Hukum Memakan Bekicot dalam Islam: Tinjauan Dalil dan Pendapat Ulama

Media Al Ahkam Mei 23, 2025 19 Views
Share:

Bekicot, atau yang dikenal juga sebagai keong darat, merupakan hewan yang sering ditemui di lingkungan lembap, seperti kebun atau persawahan. Di beberapa negara, bekicot dijadikan sebagai bahan makanan, sementara di tempat lain dianggap sebagai hama. Namun, bagaimana hukum memakan bekicot dalam Islam? Apakah halal atau haram?

Artikel ini akan membahas hukum mengonsumsi bekicot berdasarkan dalil Al-Qur’an, hadis, serta pendapat ulama.

1. Klasifikasi Bekicot dalam Islam

Sebelum menentukan hukumnya, penting untuk memahami status bekicot dalam Islam. Bekicot termasuk hewan yang hidup di darat dan tidak memiliki darah yang mengalir (tidak termasuk dalam kategori hewan yang disembelih). Oleh karena itu, status halal atau haramnya perlu dikaji berdasarkan kriteria hewan yang dihalalkan dan diharamkan dalam syariat Islam.

2. Dalil Umum tentang Hewan yang Halal dan Haram

Allah SWT berfirman dalam Al-Qur’an:

وَيُحِلُّ لَهُمُ الطَّيِّبَاتِ وَيُحَرِّمُ عَلَيْهِمُ الْخَبَائِثَ

“Dan (Rasul) yang menghalalkan segala yang baik bagi mereka dan mengharamkan segala yang buruk bagi mereka.” (QS. Al-A’raf: 157)

Ayat ini menjadi dasar bahwa segala sesuatu yang baik (thayyib) dihalalkan, sedangkan yang buruk (khabits) diharamkan. Namun, apakah bekicot termasuk dalam kategori thayyib atau khabits?

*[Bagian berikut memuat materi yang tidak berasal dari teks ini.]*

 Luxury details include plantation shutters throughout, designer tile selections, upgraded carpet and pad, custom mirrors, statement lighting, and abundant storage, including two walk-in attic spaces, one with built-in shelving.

Selain itu, dalam hadis, Nabi Muhammad SAW memberikan beberapa ketentuan tentang hewan yang halal dan haram, seperti:

عَنْ ابْنِ عُمَرَ رَضِيَ اللَّهُ عَنْهُمَا قَالَ: نَهَى النَّبِيُّ صَلَّى اللَّهُ عَلَيْهِ وَسَلَّمَ عَنْ كُلِّ ذِي نَابٍ مِنَ السِّبَاعِ وَعَنْ كُلِّ ذِي مِخْلَبٍ مِنَ الطَّيْرِ

“Dari Ibnu Umar RA, ia berkata: Nabi SAW melarang (memakan) setiap binatang buas yang bertaring dan setiap burung yang memiliki cakar.” (HR. Muslim)

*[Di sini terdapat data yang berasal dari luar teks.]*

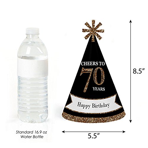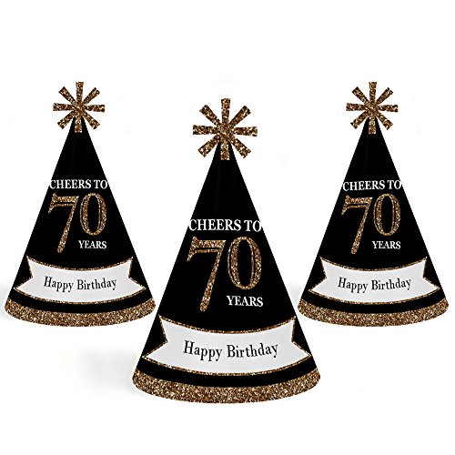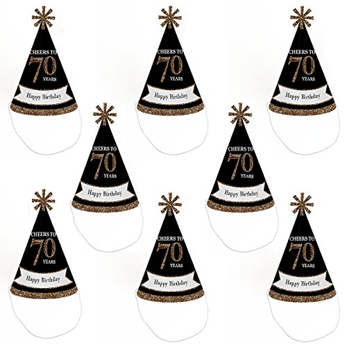-. Title : Adults 70th Birthday - Gold - Cone Birthday Party Hats for Kids and Adults - Set of 8 (Standard Size)

Bekicot tidak termasuk hewan buas atau burung bercakar, sehingga tidak masuk dalam larangan ini.

3. Pendapat Ulama tentang Hukum Memakan Bekicot

Terdapat perbedaan pendapat di kalangan ulama mengenai kehalalan bekicot. Berikut beberapa pandangan utama:

a. Pendapat yang Mengharamkan Bekicot

Sebagian ulama berpendapat bahwa bekicot termasuk hewan yang menjijikkan (khabits) sehingga haram dimakan. Mereka berargumen bahwa bekicot hidup di tempat-tempat kotor dan mengandung lendir yang dianggap tidak layak dikonsumsi.

Selain itu, dalam Mazhab Syafi’i, hewan yang hidup di dua alam (darat dan air) seperti katak dan buaya diharamkan. Sebagian ulama memasukkan bekicot dalam kategori ini karena meskipun hidup di darat, bekicot membutuhkan kelembapan tinggi seperti siput.

b. Pendapat yang Menghalalkan Bekicot

Di sisi lain, sebagian ulama berpendapat bahwa bekicot halal selama tidak beracun dan tidak membahayakan kesehatan. Mereka berdalil bahwa tidak ada nash (teks) yang secara jelas mengharamkan bekicot.

Imam Malik dalam Mazhab Maliki membolehkan memakan hewan-hewan seperti siput dan serangga selama tidak berbahaya. Bekicot dianggap serupa dengan siput, sehingga bisa dihalalkan.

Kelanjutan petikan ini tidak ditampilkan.